Modifying a Cluster with the Configuration File

This section describes how to make changes to the cluster through Cloudera Director, using the client and the configuration file.

Growing or Shrinking a Cluster with the Configuration File

After launching a cluster with the bootstrap command (using the stand-alone Cloudera Director client), you can add or remove instances with the update command:

  1. Open the cluster.conf file that you used to launch the cluster.
  2. Change the value for the type of instance you want to change.  For example, the following increases the number of workers to 15:
    workers {
          count: 15
          minCount: 5
    
          instance: ${instances.hs18} {
            tags {
              group: worker
            }
          }
  3. Enter the following command:
    cloudera-director update cluster.conf
    Cloudera Director increases the number of worker instances.
  4. Assign roles to the new master instances through Cloudera Manager. Cloudera Director does not automatically assign roles.

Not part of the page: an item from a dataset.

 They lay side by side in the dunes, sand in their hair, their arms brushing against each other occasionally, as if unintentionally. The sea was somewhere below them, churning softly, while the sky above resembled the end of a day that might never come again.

Rebalancing the Cluster After Adding or Removing Hosts

After hosts have been added to or removed from a cluster, HDFS data is likely to be distributed unevenly across DataNodes. Cloudera Director does not rebalance HDFS when you add hosts or remove them from the cluster, so after growing or shrinking the cluster, you must perform manual rebalances in Cloudera Manager, as described in the Cloudera Manager documentation, HDFS Balancers.

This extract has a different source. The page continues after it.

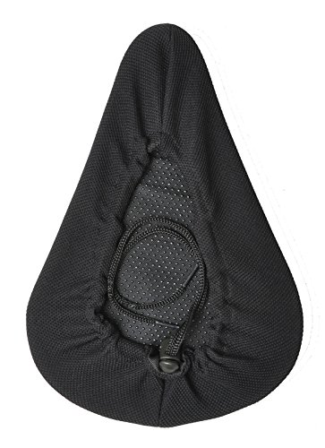 Extra wide design with gel for maximum comfort. Fits over most seats on standard or stationary bikes, including spinning bikes. Durable weather resistant fabric for extended wear. Locking draw cord for a secure fit. Features: - Made of anti skid and wear resistant neoprene

The need for rebalancing depends on the amount of data in HDFS and the number of hosts added or removed during the cluster. Cloudera Director decommissions hosts before removing them from the cluster during a shrink operation. As part of decommissioning a DataNode, Cloudera Manager will move all the blocks from that host to other hosts so that the replication factor will be maintained even after the hosts are decommissioned. So there is no risk of data loss if the cluster is shrunk by more than two instances at a time. Rebalancing is necessary so that the blocks are placed in an optimal manner and is not required when a small number of hosts have been removed from a cluster, but only when there has been a large movement of data.